Even as falling oil prices are worrying producing states like Saudi Arabia and Canada besides oil companies, an analyst has some assuaging price outlook for the energy sector in 2016.
According to Craig Columbus of Tower Square Investment Management, the worst-performing energy sector in 2015 will turn profitable in 2016.
“We are now at peak energy pessimism. If you look at commodity bear-market cycles, they typically last 20 years, but most of the price damage is done in the first six years. We've had five consecutive negative commodity-priced years," Columbus told CNBC Power Lunch program.
The energy sector of the S&P 500 fell more than 20 percent in 2015 and had been trailing other 10 sectors. Some of the reasons fuelling the optimism of Columbus are the outlook on US dollar and non-OPEC supply.

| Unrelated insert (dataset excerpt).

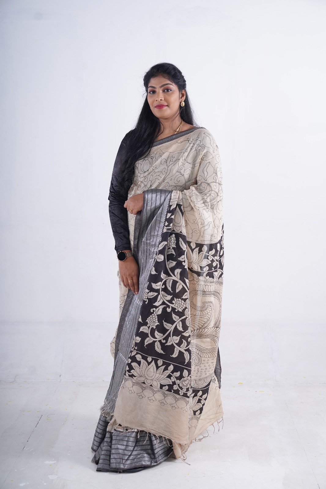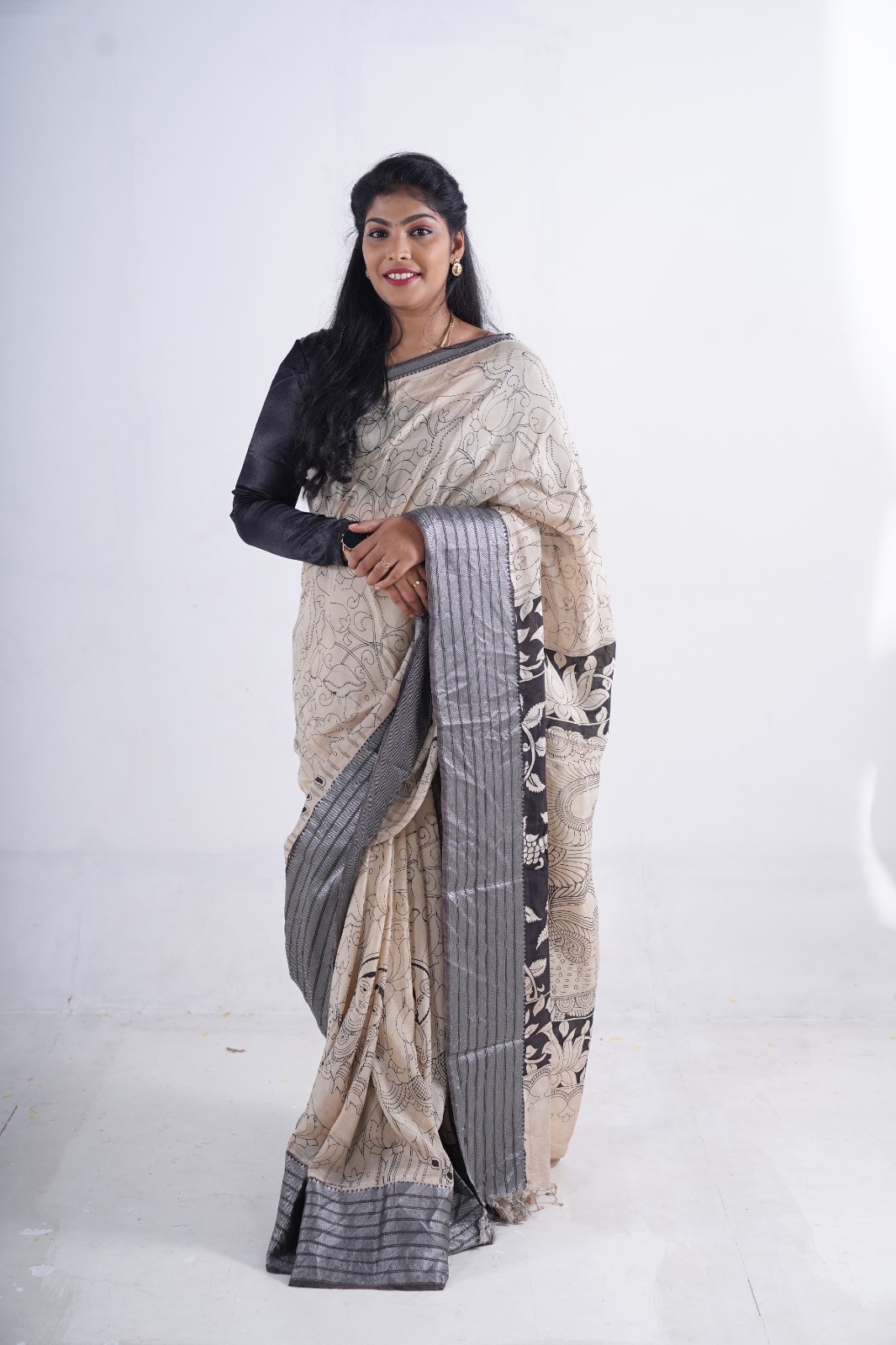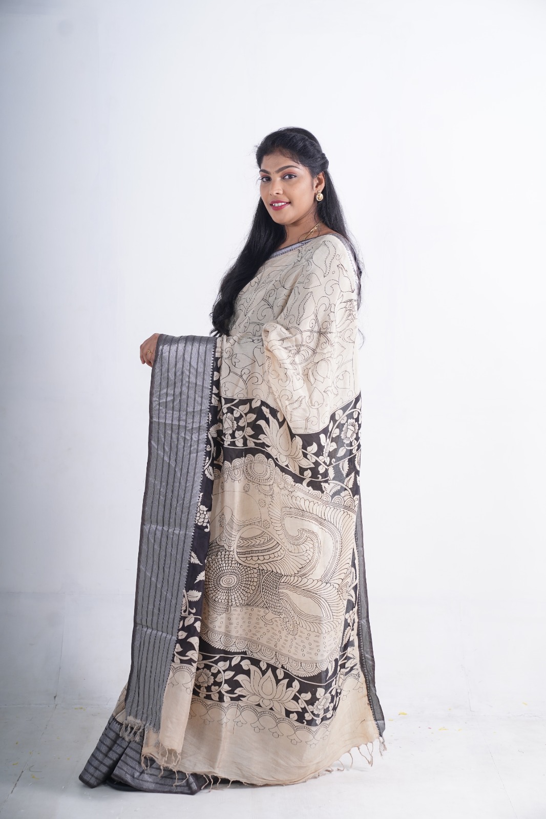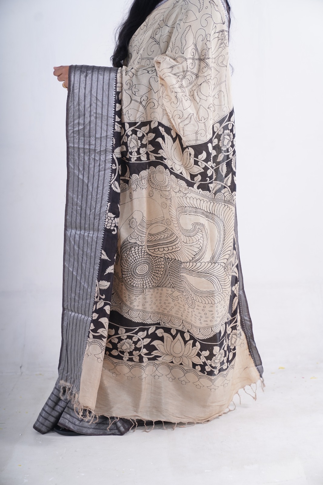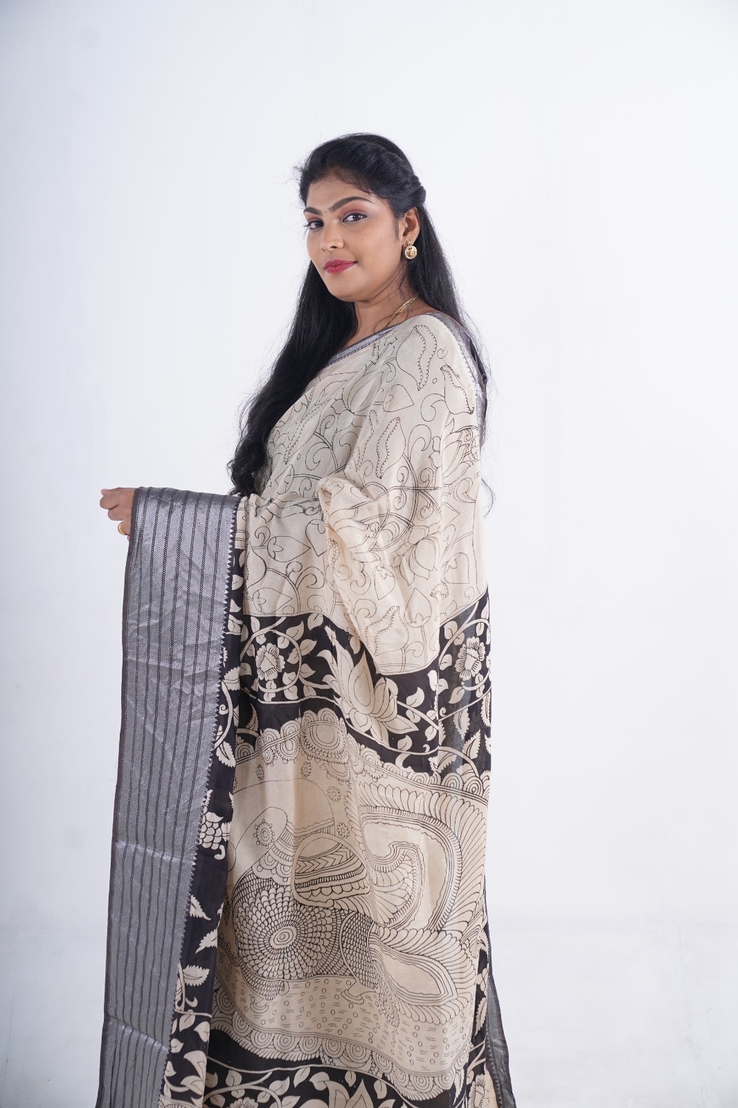 The contrasting black pallu and border are beautifully adorned with detailed Kalamkari floral and peacock patterns, creating a rich visual appeal. The subtle cream base enhances the intricate artwork, while the silver zari border adds a refined shimmer, making it ideal for both festive occasions and elegant gatherings.

“Dollar appreciation will still be up, but less, in 2016, and as non-OPEC supply starts to flatten, as that shale production starts to come off, I think it will create opportunity in things like natural gas,” he said.
It may be recalled that dollar gained over 8 percent against many currencies in 2015 and natural gas prices fell more than 35 percent in 2015. However, Columbus is advising investors to be patient.
“I thought once we took out US$38 on oil, we would trend back down to the mid- to low-$30s, so I think you have to be patient. Wait for WTI to pull back to you," the analyst added.
Fracking jobs vanishing
Meanwhile, the explosive job growth in the oil and gas sector of the US economy that followed fracking revolution is on the way out. If fracking put American energy workers back to work after recession, in 2015, the job gains in the energy sector was at a minimum.
This is driven by plummeting oil prices and layoffs of more than a quarter of million workers, said industry consultant Graves & Co. The forecast said energy business will endure more job cuts and bankruptcies will not be a surprise in early 2016.
The plight in oil sector is amply reflected in the decrease of active oil and gas rigs in the US, which fell 61 percent to 698 as of Dec. 31, compared to a year ago, according to Baker Hughes.
The record-low oil prices are driving down gasoline prices to below US$2 per gallon (AU$2.78) in a majority of the US gas stations, noted AAA, fuelling record sales of new vehicles and driving up shopping.
The continued global glut of oil created by the surge in US oil output and high production by the OPEC dented the profit margins of companies, making job cuts rampant in all energy companies.
With oil trading below US $40 (AU$55.53) a barrel since 2009, global giants such as Royal Dutch Shell, Chevron and Halliburton are slashing jobs, reports USA Today.
The only exception is the midstream energy sector, where pipeline and energy transport companies operate. They are not as hard hit as the producers, according to Graves & Co.